As detected previously, Escherichia/Shigella was the most abundant genera in samples (36%), also they were the most abundant in paraffin wax controls (42%) and DNA extraction kit regent controls (28%; S2 Fig). There were no significant difference in read counts between FFPE fetal membranes and matched wax negative controls (Table 1), highlighting similar abundance of contributing genera. Alternatively, there were 25 genera with significantly different read counts between FFPE fetal membrane samples and kit negative extraction controls, highlighting the ability to detect distinct differences (Table 1). Those detected as significantly greater in FFPE samples were Micrococcus, Flavobacterium, Enhydrobacter, Acinetobacter, Lactobacillus, Bacteroides, Blautia, Ruminococcus, Coprococcus, Dietzia, Collinsella, Dorea, Gemmiger, Prevotella, Streptococcus, Alistipes, Corynebacterium, unassigned bacterium, Anaerostipes, Faecalibacterium, Clostridium_XI and Roseburia (Table 1 and Fig 3). Four genera had a significantly greater read count from kit negative controls. These were Staphylococcus (784 vs 435; Fig 4A), Pseudomonas (2083 vs 1280; Fig 4B), Bacillus (5428 vs 948; Fig 4C), and Escherichia/Shigella (45131 vs 19939; Fig 4D).
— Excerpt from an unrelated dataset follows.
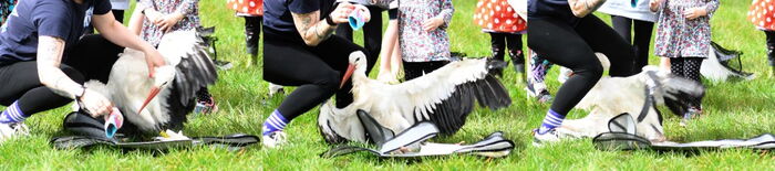 Sporty Storchenhofnummer 2064 aus Drewen (Ostprignitz-Ruppin) wurde von uns wegen eines Gefiederschadens behandelt.

Plots created for 21 genera which were detected as significantly greater in Formalin-Fixed Paraffin-Embedded (FFPE) fetal membrane samples compared DNA extraction kit reagent negative controls via univariate analysis. Data presented by read count and log transformed.
Plots created for four genera which were detected as significantly greater in DNA extraction kit reagent negative controls compared to Formalin-Fixed Paraffin-Embedded (FFPE) fetal membrane samples via univariate analysis. Data presented by read count and log transformed.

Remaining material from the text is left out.